------ EXTRACTED ENTRIES ------

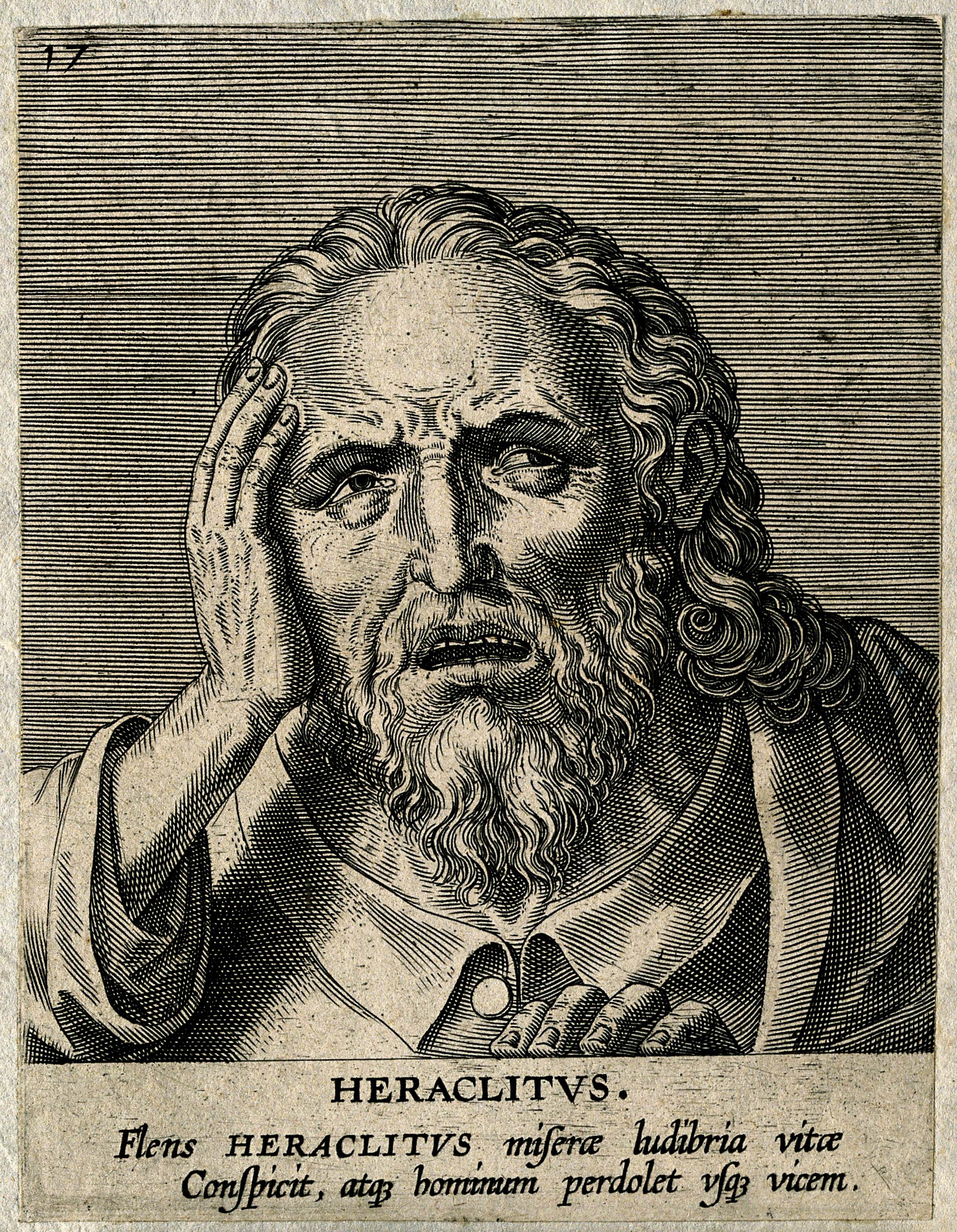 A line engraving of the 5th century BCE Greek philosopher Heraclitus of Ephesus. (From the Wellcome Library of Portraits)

------
------ EXTRACTED ENTRIES ------

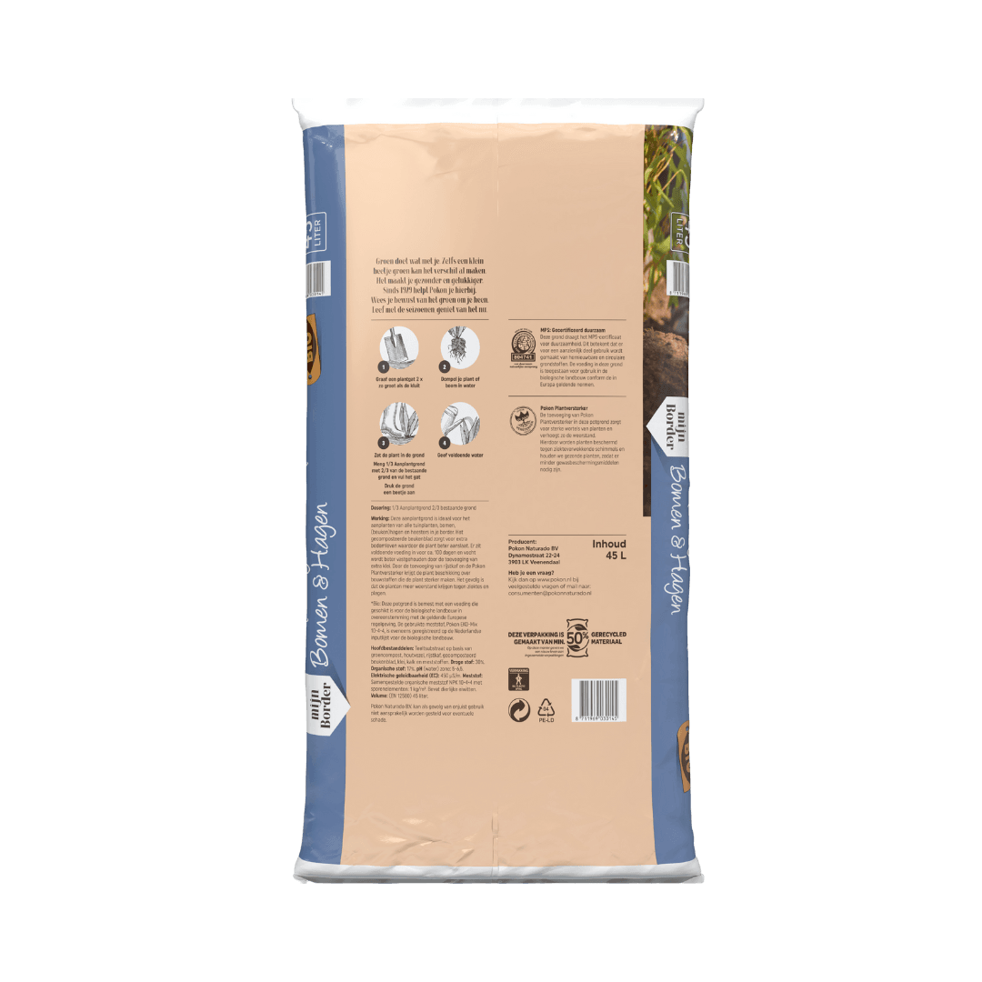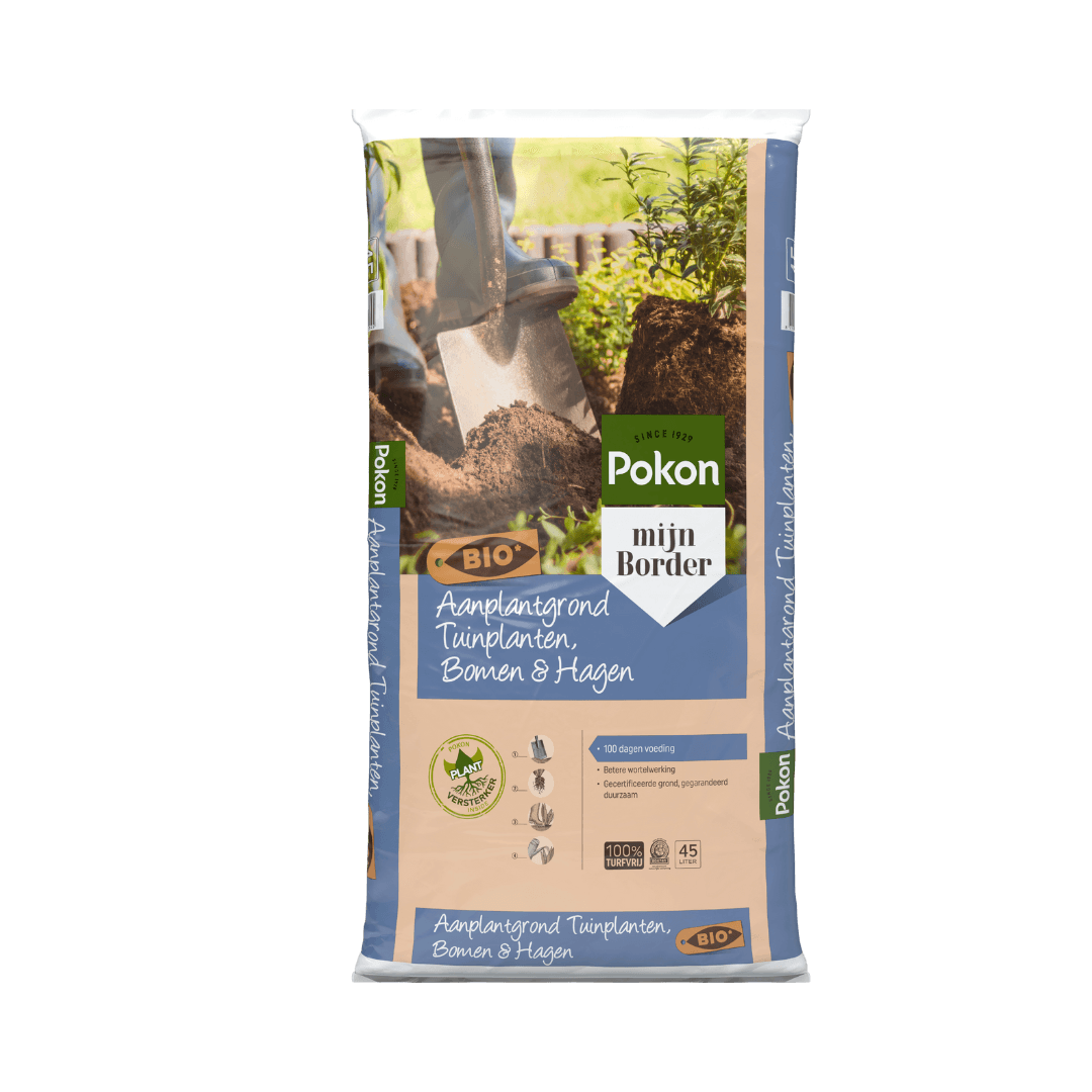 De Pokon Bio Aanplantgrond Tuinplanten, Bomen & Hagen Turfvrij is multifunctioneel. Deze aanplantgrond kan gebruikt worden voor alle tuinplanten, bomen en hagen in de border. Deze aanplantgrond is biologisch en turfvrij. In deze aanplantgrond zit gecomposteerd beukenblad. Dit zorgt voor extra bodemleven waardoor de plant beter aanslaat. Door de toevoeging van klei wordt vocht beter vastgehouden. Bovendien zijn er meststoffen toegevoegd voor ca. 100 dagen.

------
------ EXTRACTED ENTRIES ------

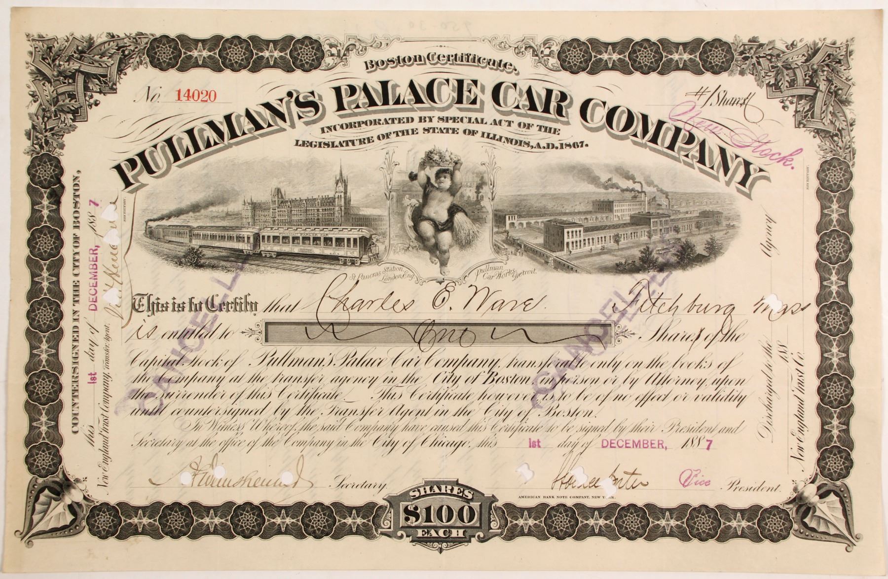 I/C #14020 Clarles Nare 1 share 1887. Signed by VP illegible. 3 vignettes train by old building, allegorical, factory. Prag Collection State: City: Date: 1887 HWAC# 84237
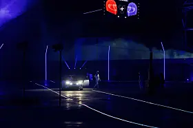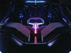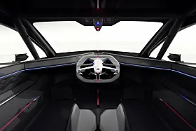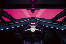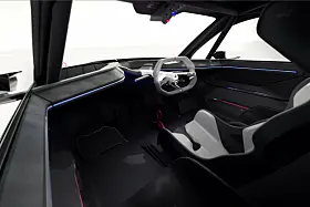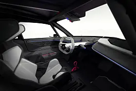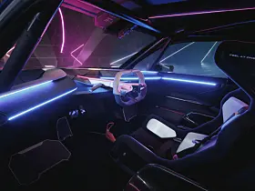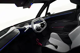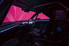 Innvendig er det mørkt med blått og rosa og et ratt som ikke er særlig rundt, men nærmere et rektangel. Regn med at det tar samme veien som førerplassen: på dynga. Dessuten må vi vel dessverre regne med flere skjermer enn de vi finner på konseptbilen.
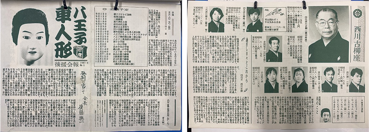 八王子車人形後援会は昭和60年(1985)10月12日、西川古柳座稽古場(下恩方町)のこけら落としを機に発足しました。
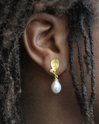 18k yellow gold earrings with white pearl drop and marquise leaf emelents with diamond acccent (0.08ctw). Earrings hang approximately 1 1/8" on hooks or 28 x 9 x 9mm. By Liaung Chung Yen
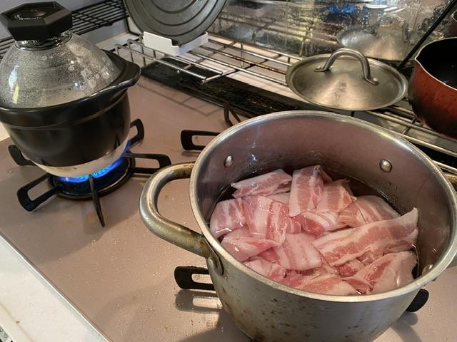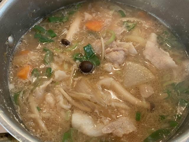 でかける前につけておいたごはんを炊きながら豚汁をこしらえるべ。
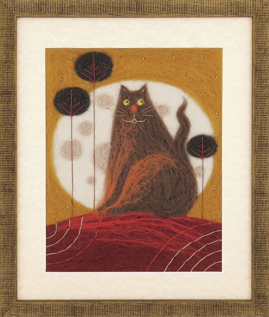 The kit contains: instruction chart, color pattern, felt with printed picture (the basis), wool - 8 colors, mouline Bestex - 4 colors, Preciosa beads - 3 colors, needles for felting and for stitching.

------

REQUIREMENT:
In the records above, find the line with "八王子車人形後援会は昭和60" and the line with "The kit contains: instruction". Write out exactly those lines and every one between, with no pictures and no other lines.

TASK OUTPUT:
 八王子車人形後援会は昭和60年(1985)10月12日、西川古柳座稽古場(下恩方町)のこけら落としを機に発足しました。
 18k yellow gold earrings with white pearl drop and marquise leaf emelents with diamond acccent (0.08ctw). Earrings hang approximately 1 1/8" on hooks or 28 x 9 x 9mm. By Liaung Chung Yen
 でかける前につけておいたごはんを炊きながら豚汁をこしらえるべ。
 The kit contains: instruction chart, color pattern, felt with printed picture (the basis), wool - 8 colors, mouline Bestex - 4 colors, Preciosa beads - 3 colors, needles for felting and for stitching.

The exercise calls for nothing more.